Cavell goes on to point out that the women portrayed in such films were unique in that they “demanded equality with men,” such films often featuring central female characters who showed aggressive independence and incredible personal achievement in worlds of business occupied by men, women who showed no interest in relegating themselves to the status of motherhood, and women possessing a unique brand of femininity in their emulation of male behavior (no doubt integral to their ability to compete with men). The subgenre is at once inspiring and disheartening, for while I love these films, the independent nature of the strong central women featured within are often used for (what come across today as) cheap jokes about androgyny, and these women often renounce their aggressive independent nature and fall into a more traditional female role as they reconcile with the man of their destiny by the end.

So while the gender politics of the remarriage subgenre were not progressively revolutionary, they were indeed positively feminist for their time.
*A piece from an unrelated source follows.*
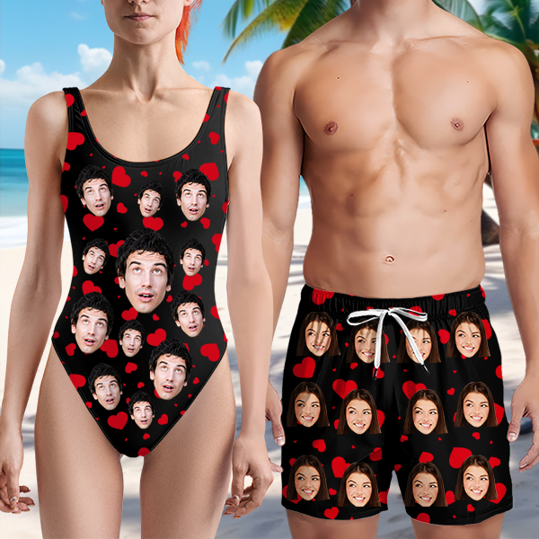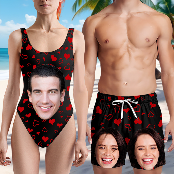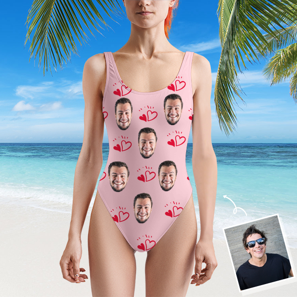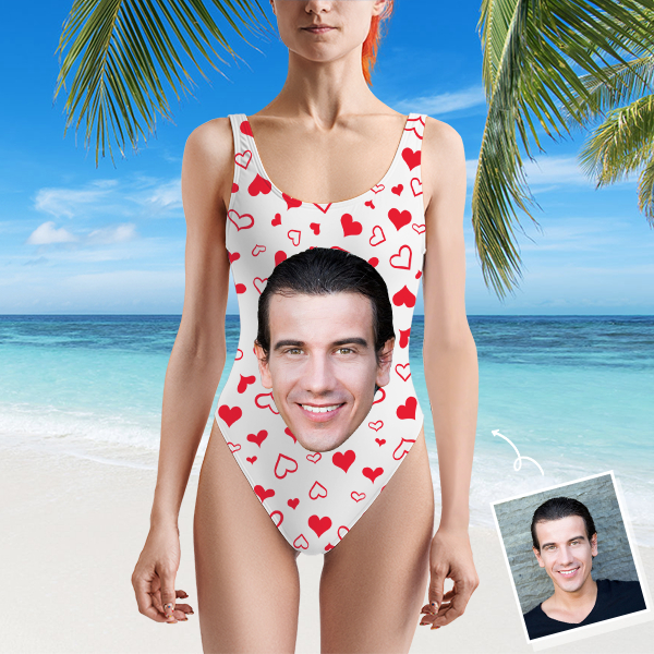 Custom Beach Red Heart One-piece Bathing Swimsuit Personalized Face Photo Swimsuit For Her,gift For Wife

Take away the necessary affirmation of marriage at the end, and you can say the exact same thing about the Sex and the City television series. But while the Sex and the City films explicitly aim to continue in such a tradition by branching themselves off from the myths and structures of the fairy tale and the classical romantic comedy, they instead regress from the show, back into an embrace of the structures they originally wished to detach from.

Both Sex and the City films essentially operate as 21st century updates of the remarriage subgenre, as both films require some sort of separation and reconciliation between Big and Carrie. So rather than affirming the need for friendship amongst women, these films instead privilege the accepted and repeated endorsement of the marriage institution (especially as the second film closes with Carrie and Big reunited rather than a meeting of the four women). And instead of possessing the charming one-upsmanship of the couple in trouble at the center of the classic remarriage subgenre, the ultimate reconciliation happens between Big and Carrie through a superficial interplay of vacant material objects (the exchange of anniversary gifts and conflict over how many apartments to own that operate as the crux of the film’s flimsy narrative) that substitutes for emotional, human character interaction.

There’s been a great deal of hyperbole in recent years decrying the “death” of the romantic comedy, and while I hesitate to endorse such language, part of me can’t help but agree. For every The Awful Truth and Annie Hall there are dozens of formulaic, uninteresting, interchangeable entries into the genre. But the Sex and the City films are significant in that, as a spinoff from the groundbreaking series, they come from a narrative of modern feminism, though by reducing themselves to these structures they weaken the necessary message that made the show so unique and take the romantic comedy genre several steps back.

The fact that each Sex and the City film, even in their bloated running times, still reduce themselves to the most clichéd of formulas may be a result of the limitations of the medium itself. Maybe its impossible to have a romantic comedy that respects the role of the independent female in contemporary society because of the constraints of the Hollywood movie storytelling structure, thus rendering it easy to fall back into the problematic gender roles of these worn formulas. Maybe this is why Sex and the City was so much more effective and unique as a television series. But regardless of the reason, you know the state of the romantic comedy film is in trouble when you have to look back to the era of the previous major financial crisis to find a trend of progress within the genre.